Grinding mills have been utilized for many years in a variety of applications. For example, grinding mills have been commonly used in the past for grinding grains, corn, hay, and other forag materials for livestock feed, as well as paper for cellulose insulation and other commercial uses. Many varieties of grinding mills for comminuting such materials have been developed, such as stone mills, burr mills, hammer mills, and roller mills. However, few, if any, reasonably priced and reasonably sized grinders are available that can handle effectively and efficiently a variety of different kinds of materials, for example, ranging from grains to forage to wood.
Because forage materials and wood, including tree branches, tend to be fibrous and stalky, hammer mill type grinders have been found to be the most effective in coniminuting these forage o roughage materials. However, handling and feeding these bulky, fibrous, stalky materials into a hammer mill in a uniform manner proved to be quite difficult and required a good deal of tedious manual labor, because they do not flow in a uniform manner like grains.

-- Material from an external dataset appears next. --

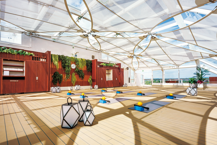 デッキ8の中央に広がる「グランドプール」は、2つの温水ワールプールとデッキチェア、テーブルを備えた開放感あふれる船上リゾート。新たに足湯が設けられ、洋服のまま気軽に利用できるのも魅力だ。観光やアクティビティの合間に心地よい潮風を感じながら、日本の四季が描き出す景色を堪能したい。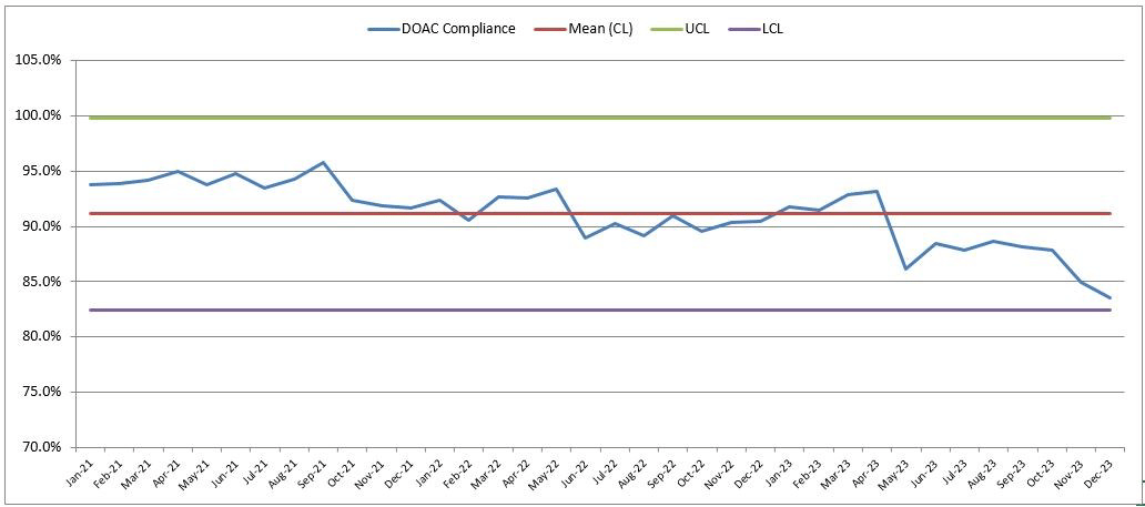 In 2023, RWJBarnabas Health underwent an EHR conversion in the majority of its facilities. This resulted in changes in the prescribing restrictions on direct oral anticoagulants. This will continue to be monitored.

Some of the more successful recent developments in grinding apparatus to alleviate the problems in feeding bulky, fibrous, and stalky materials into hammer mills include the relatively large grinders now known generically as tub grinders because of the characteristic rotating tub-shaped feeders. Tub grinders were designed initially to feed very large bales of hay and other forage materials into hammer mill apparatus without the need for excessive manual labor. In a typical tub grinder, the hammer mill cylinder is positioned under and extends partially through the floor or bottom of the tub, and the rotating tub feeds the bottom of the bale or pile of material to be comminuted over the hammer mill. The hammers on the hammer mill cylinder rotate at a high angular velocity and chew off the forage on the bottom of the bale as the base of the bale rotates over the hammer mill cylinder in the floor of the tub. Typical examples of such tub grinders can be found in the following patents: U.S. Patent No. 2,659,745, issued to W. Wortman; U.S. Patent No. 3,615,059, issued to E. Moeller; U.S. Patent No. 3,743,191, issued to R. Anderson; U.S. Patent No. 3,912,175, issued to R. Anderson; U.S. Patent No. 3,966,128, issued to J. Anderson, et al.; U.S. Patent No. 4,003,502, issued to E. Barcell; U.S. Patent No. 4,087,051, issued to C. Moeller; and U.S. Patent No. 4,106,706, issued to H. Burrows.

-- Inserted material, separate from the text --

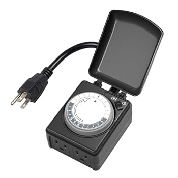 BN-LINK Compact Outdoor Mechanical 24 Hour Programmable Dual Outlet Timer - Plugin timer, Waterproof, Heavy Duty

Tub grinders have been found to be quite effective for grinding not only large bales of hay, but also for grinding large quantities of forage or roughage materials. Therefore, with the exception of expensive, large, stationary grinders in more or less permanent industrial grinding installations with special, custom designed conveyors and other feed apparatus for specific purposes, the tub grinders have become somewhat of a standard for larger, portable, mid-priced, general purpose grinding machines. Consequently, when recent environmental ordinances and regulations began to prohibit dumping of bulk, unprocessed yard wastes, grass clippings, branches, construction waste, paper, and the like into community landfills, the larger operators began to use tub grinders for comminuting such materials before hauling them to landfills. Such tub grinders have now been used with marginal success for comminuting such bulky materials, which are commonly referred to as commercial or industrial waste, where large quantities of such materials have to be handled, and particularly where the materials are dumped into the hammer mill in batches. In response to this need, several manufacturers have now started making special, heavy duty tub grinders for comminuting such commercial and industrial wastes, because the conventional agricultural tub grinders made for grinding hay proved to be too light, and they break down or wear out too fast when used for comminuting such commercial and industrial wastes.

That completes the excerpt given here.